La enfermería de la plaza de Pamplona y un montón inédito en la plaza vieja

Por Serafín Húder

El autor relató en un texto publicado en 1940 todo lo vivido y acontecido en un encierro emocionante y trascendental en 1902 en Pamplona. El artículo ha sido ahora recuperado por su familia y reproducido a continuación de manera íntegra. 

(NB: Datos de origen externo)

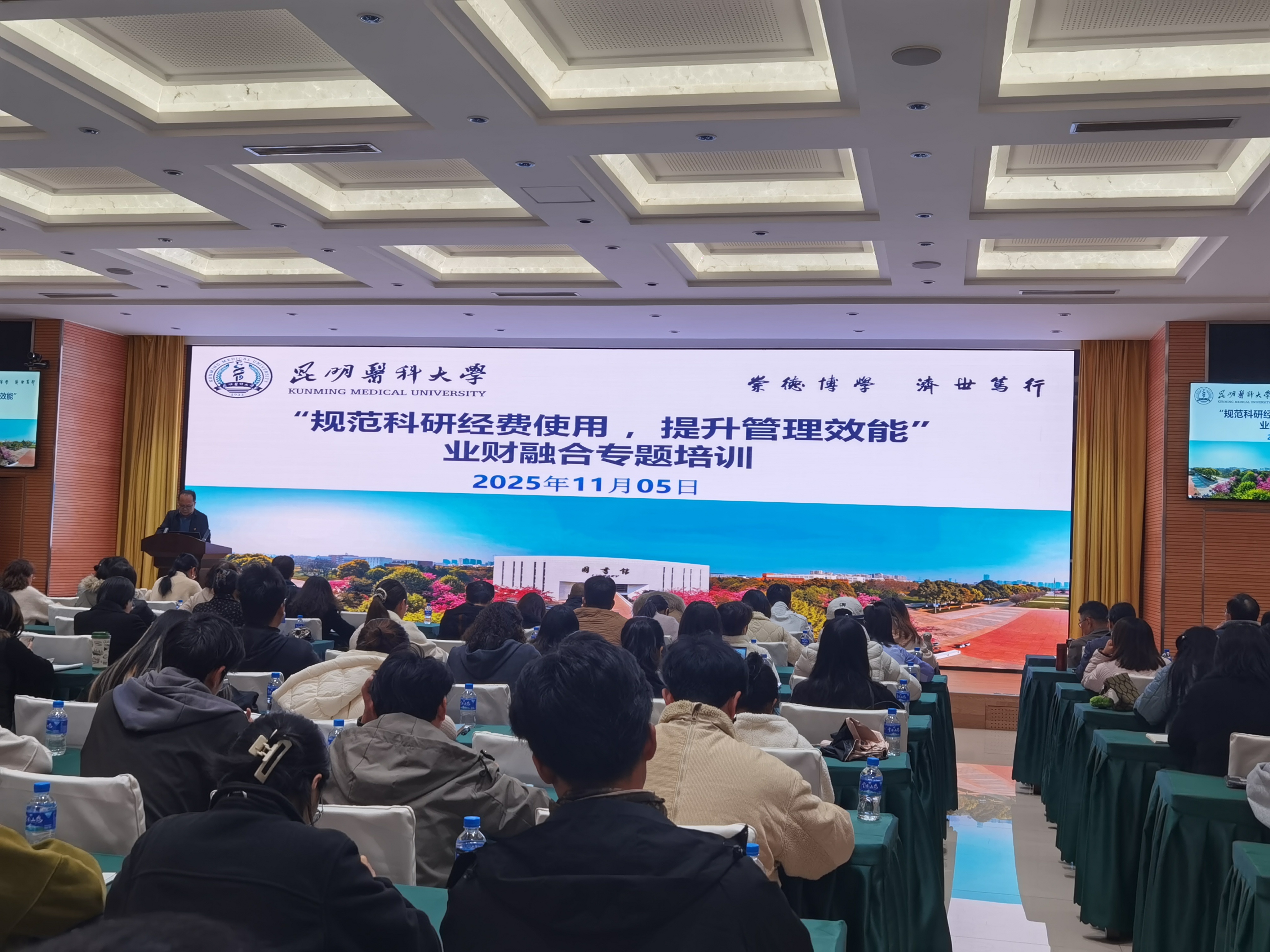 为深入贯彻中央八项规定精神,以党建引领科研经费管理规范化建设,切实解决科研人员在经费使用中的“急难愁盼”问题,11月5日下午,职能部门第十一党支部在呈贡校区学术交流中心第二报告厅开展“党建引领促规范 业财融合助科研”主题党日活动,以专题培训讲座的形式为科研人员提供细致全面的服务,培训讲座由党支部书记卢宏坤主持。各学院分管科研工作的副院长、科研秘书,在研各级各类科研项目负责人及主要成员,各科研机构(重点实验室、工程中心等)负责人及科研财务助理,职能部门第十一党支部党员以及对科研经费管理感兴趣的教职工共计120余人参与活动。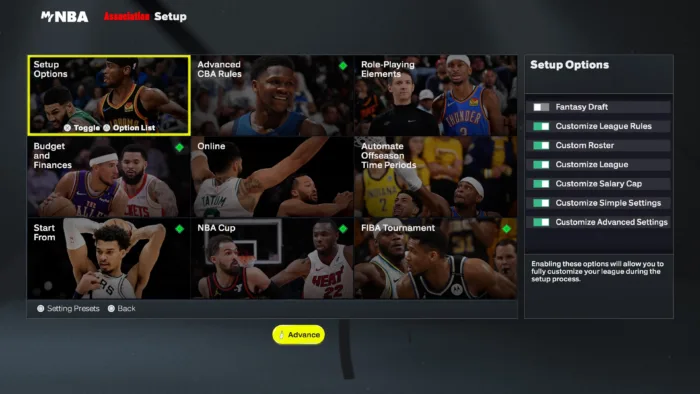 Στο μενού των ρυθμίσεων, είναι απαραίτητο να ενεργοποιηθεί η επιλογή custom rosters στο setup options customization, η οποία ξεκλειδώνει τη δυνατότητα εισαγωγής custom roster, επιτρέποντας την πλήρη αλλαγή των ομάδων της λίγκας.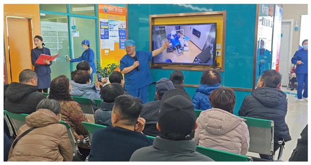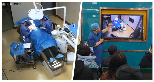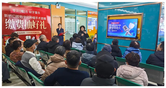 上午10:12分,手术正式开始。定量麻醉、逐级备洞、精准植入、严密缝合,王旭东主任稳中有序的操作在实时大屏上同步呈现,伴随着刘晓娟医生的专业讲解,观众们第一次“零距离”了解了种植牙的真面目。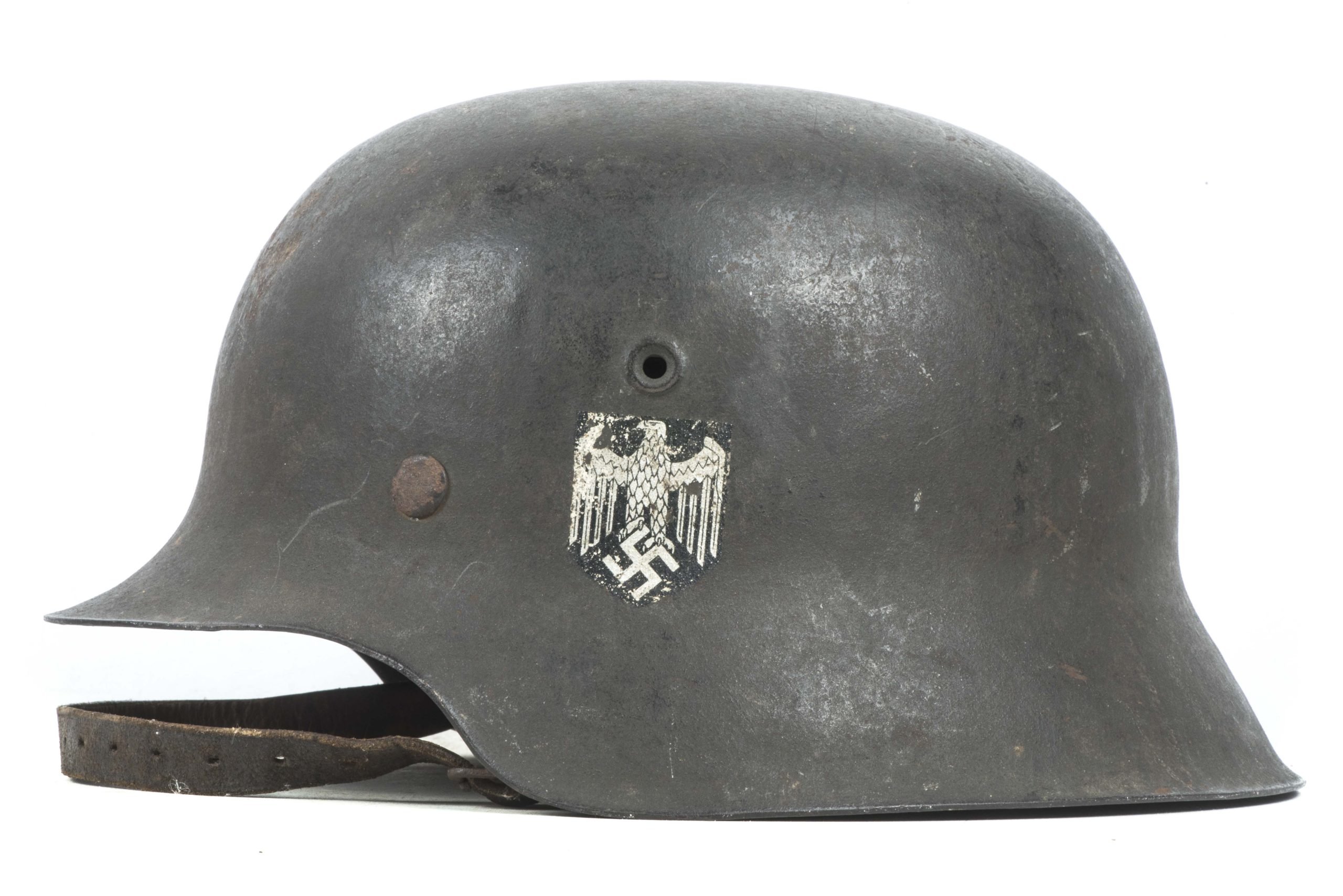 Textbook Heer M42 helmet marked EF64 indicating production byEmaillierwerke Fulda. The helmet retains its original textured factory finish and decal. The helmet retains its original RBNR marked chinstrap and factory installed liner. Nice example in good condition!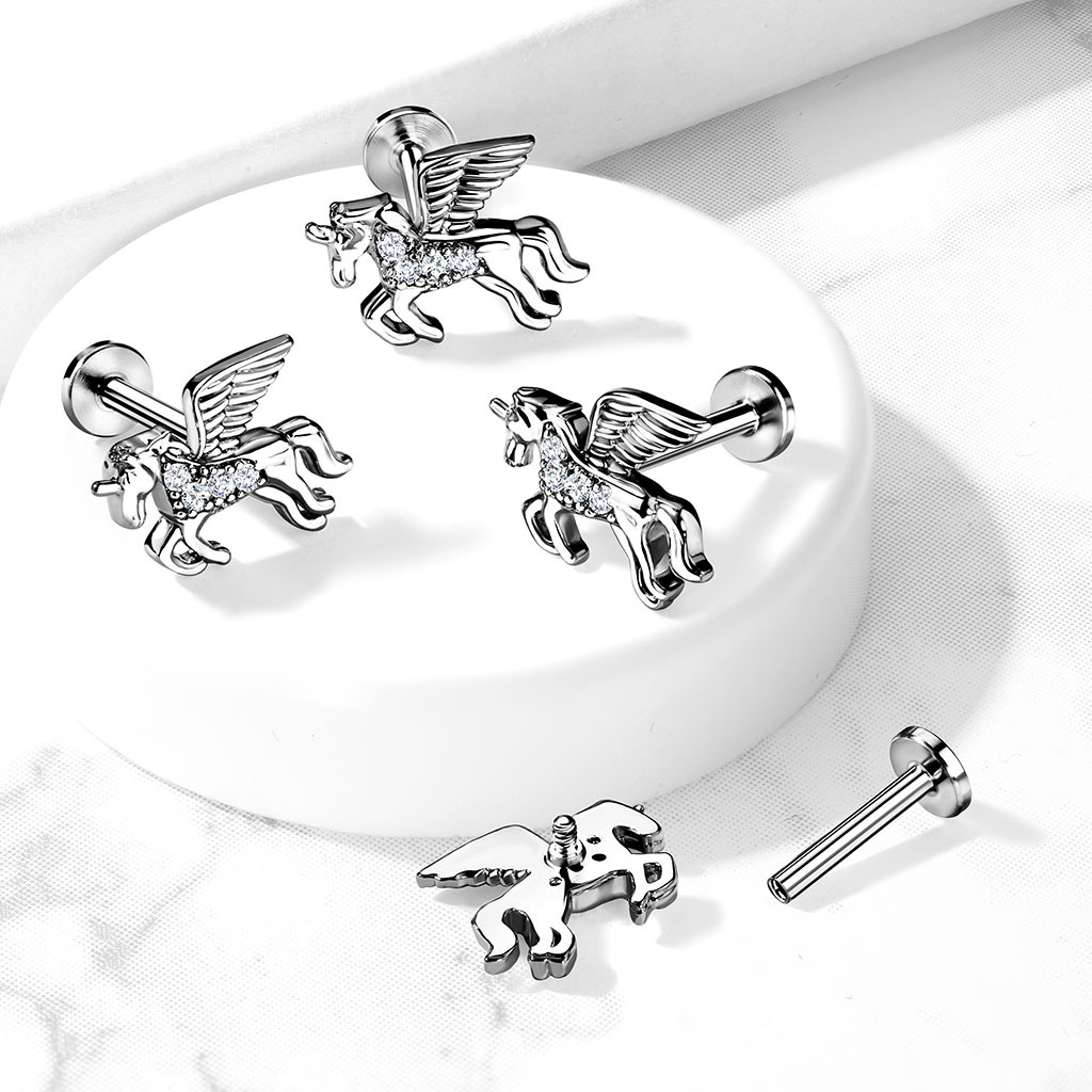 Piercing do brady - labreta / cartilage piercing se šroubovací ozdobnou částí v podobě jednorožce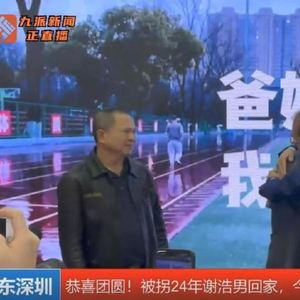 寻子24年,谢岳满头青丝变得稀疏。儿子谢浩男在团圆宴现场谈吐大方,他称一直感谢爸爸这么多年来坚持不懈找他,以后会让家里人开心快乐。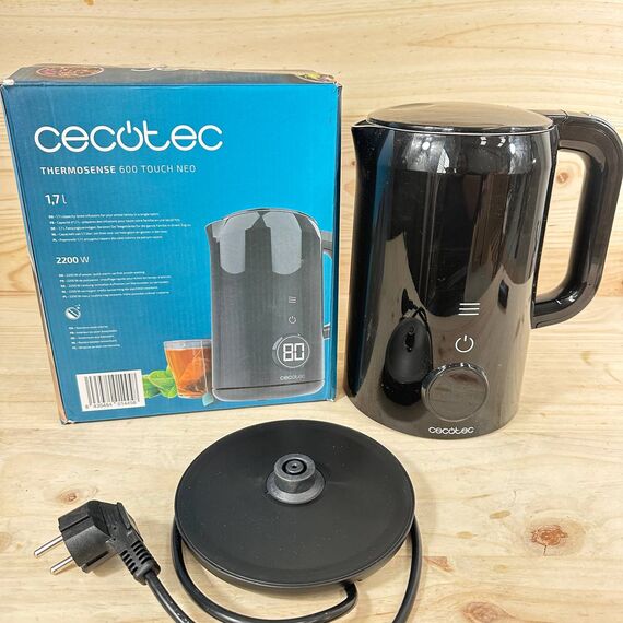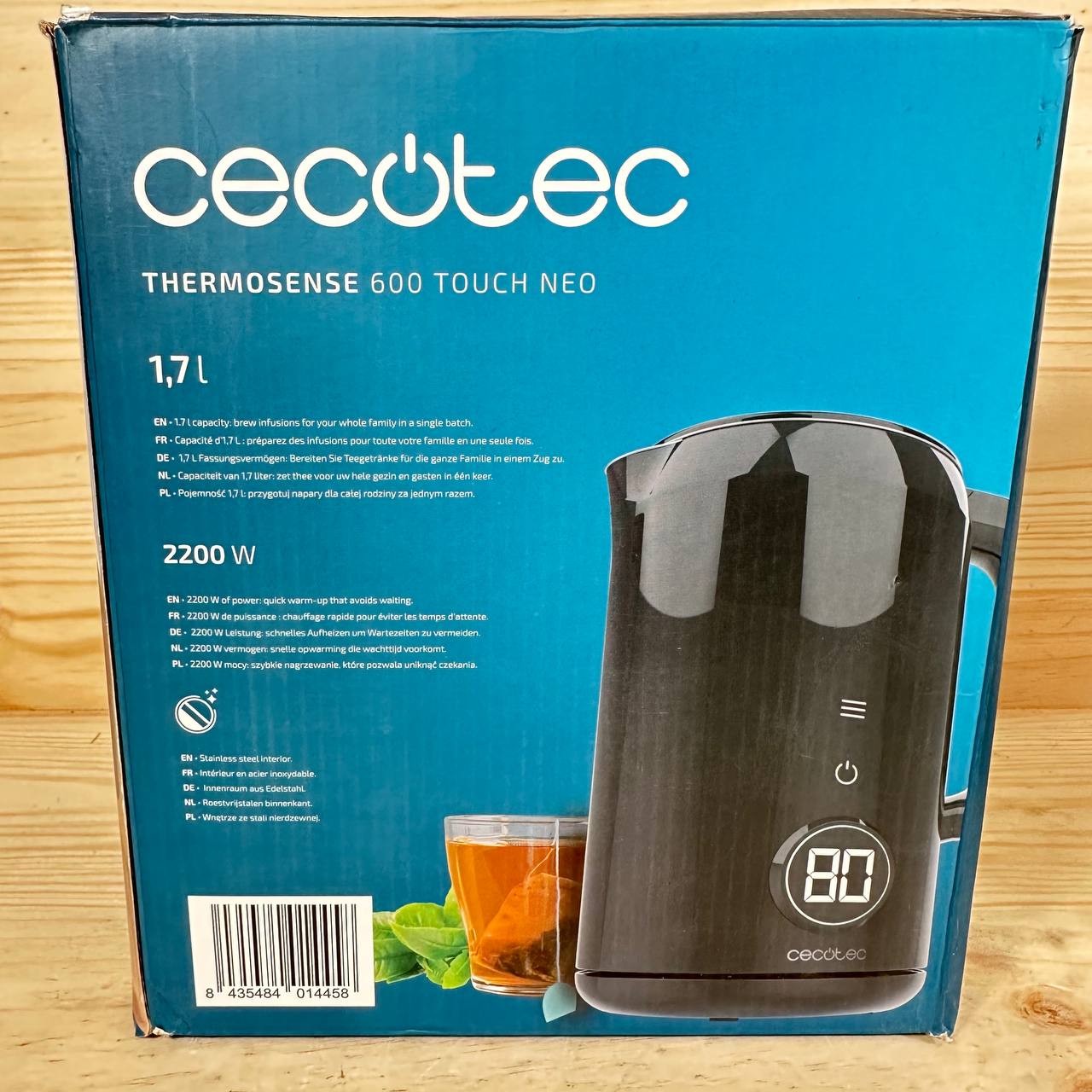 Hervidor de Agua Eléctrico Cecotec Thermosense 600 Touch Neo de 1,7 litros (como nuevo, pequeñas marcas de uso que no afectan funcionamiento). Potente con 2200W y fabricado con interior de acero inoxidable, cuenta con 7 niveles de temperatura ajustables.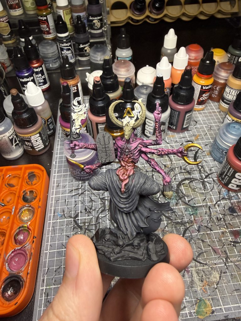 - Highlight up in layers, starting from PA Dark Magenta again. I add bits of PA Shadow Flesh to the Magenta and keep highlighting, then add a tiny drop of Bright Neutral Grey for the final highlight. You can do this in as many layers as you want, I did 4 different layers, then touched up the final highlight.. Ideally you want to work up to an "almost flesh, but still a little unsettling" color.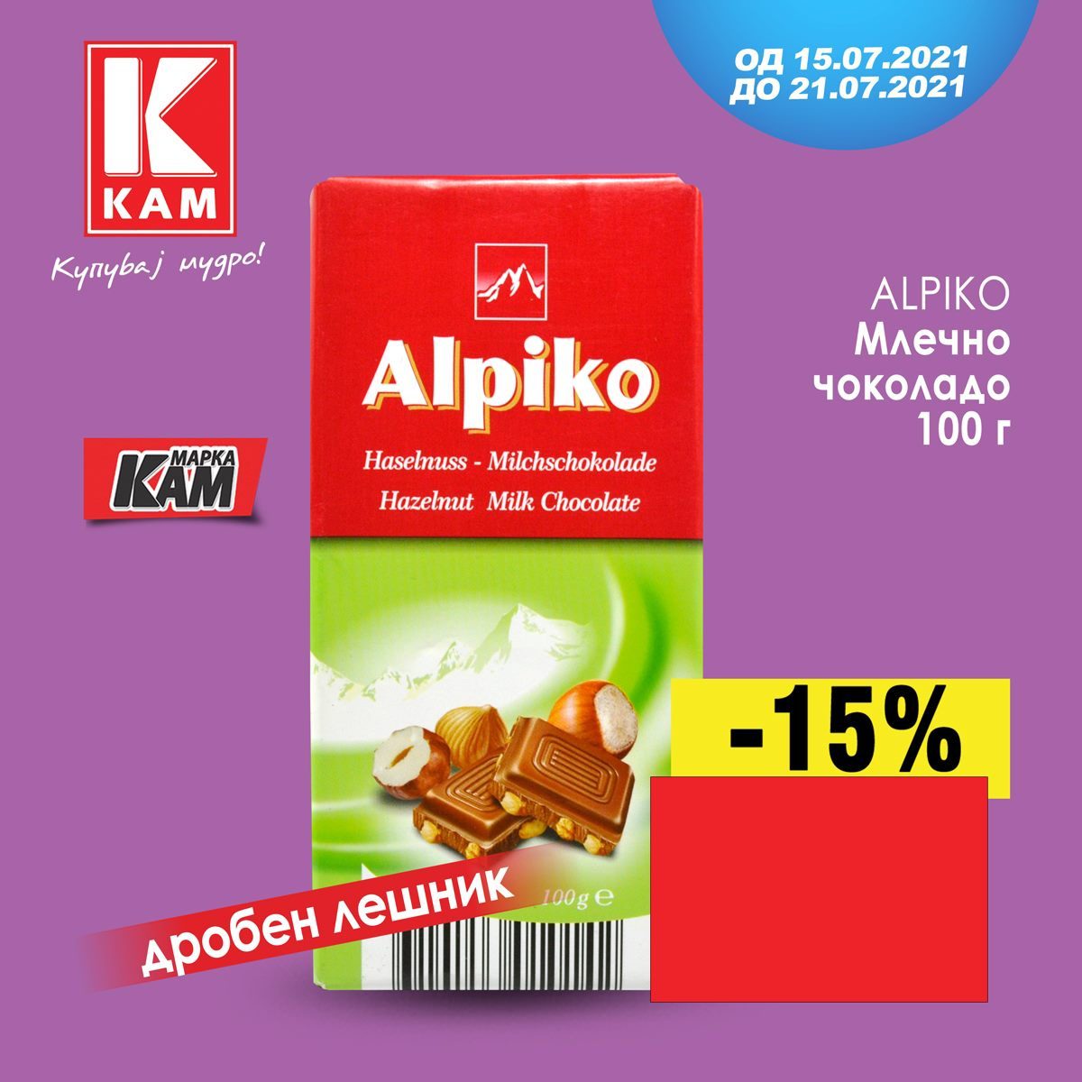 Млечно чоколадо Alpiko со дробен лешник по одлична цена и намаление од 15% – само во КАМ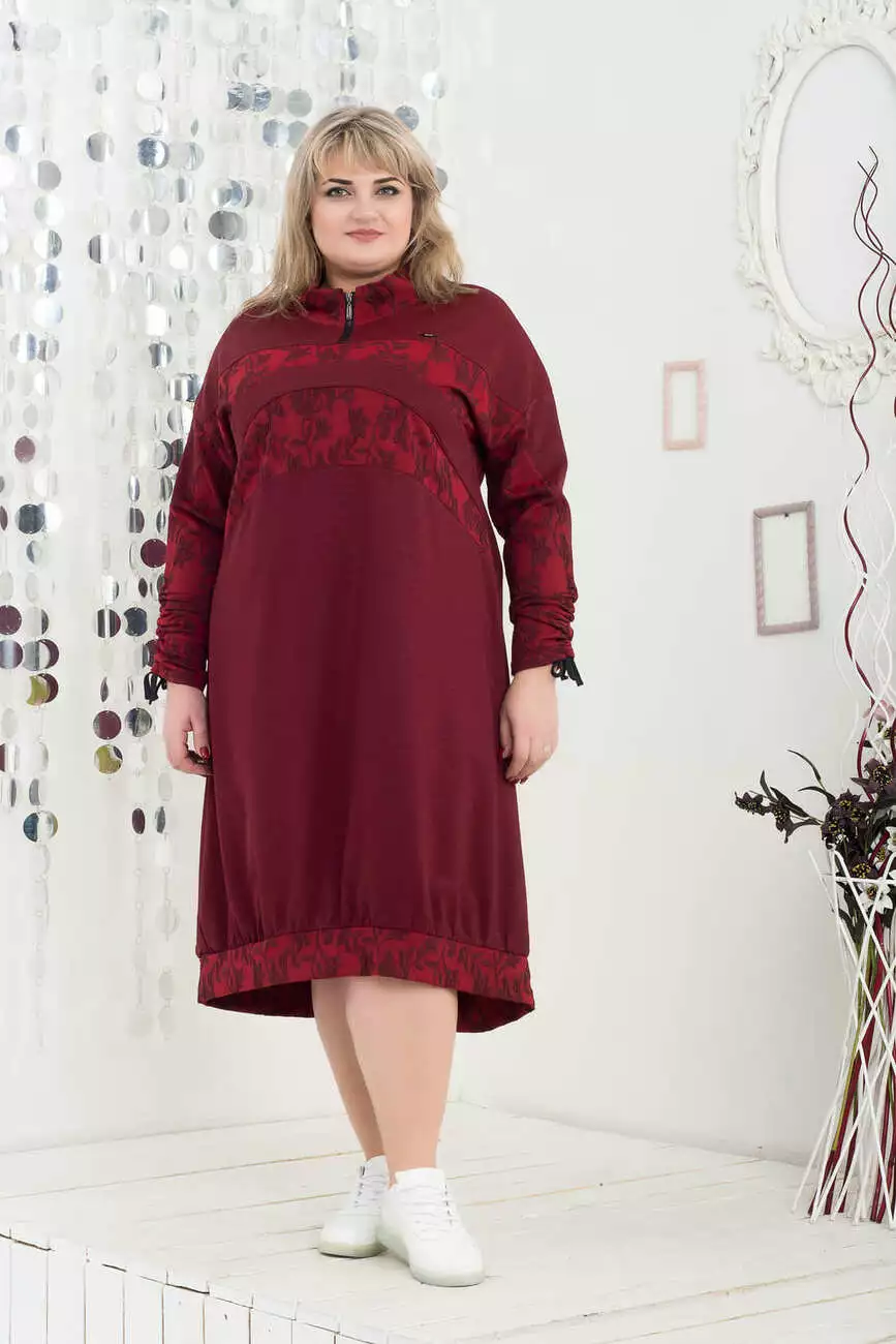 Тканина: жакард -100% поліестер. Тепла, м'яка, стильна сукня напівприлеглого силуету. Рукав довгий на затяжках унизу, горловина висока на робочій змійці. Виріб має дві кишені у бокових швах.

El equipo médico con Serafín Húder posa en la enfermería de la plaza de toros de Pamplona.2
El equipo médico, con Serafín Húder, posa en la enfermería de la plaza de toros de Pamplona. CEDIDA

En 1902 fui nombrado Médico de la Beneficencia Municipal de Pamplona, con el sueldo anual de mil pesetas, y con la obligación de asistir a 300 familias de la Beneficencia Municipal, a los asilados de la Casa de Misericordia, de efectuar las vacunaciones antivariólicas gratuitamente, el reconocimiento de los quintos y cuantas órdenes me encargara el Municipio relacionadas con la Sanidad.

Dentro de la asistencia a los asilados de la Casa de Misericordia estaba el cuidado del botiquín de la enfermería de la plaza de toros, y como se aproximaban las Fiestas de San Fermín procedí a examinarlo para proveerlo de lo necesario. Este botiquín consistía en una caja de hojadelata llena de golpes y manchas, que se usaban para el transporte de galletas con una ancha correa para ser colgada del hombro del asilado encargado de llevarla y traerla a la plaza de toros en tiempo oportuno.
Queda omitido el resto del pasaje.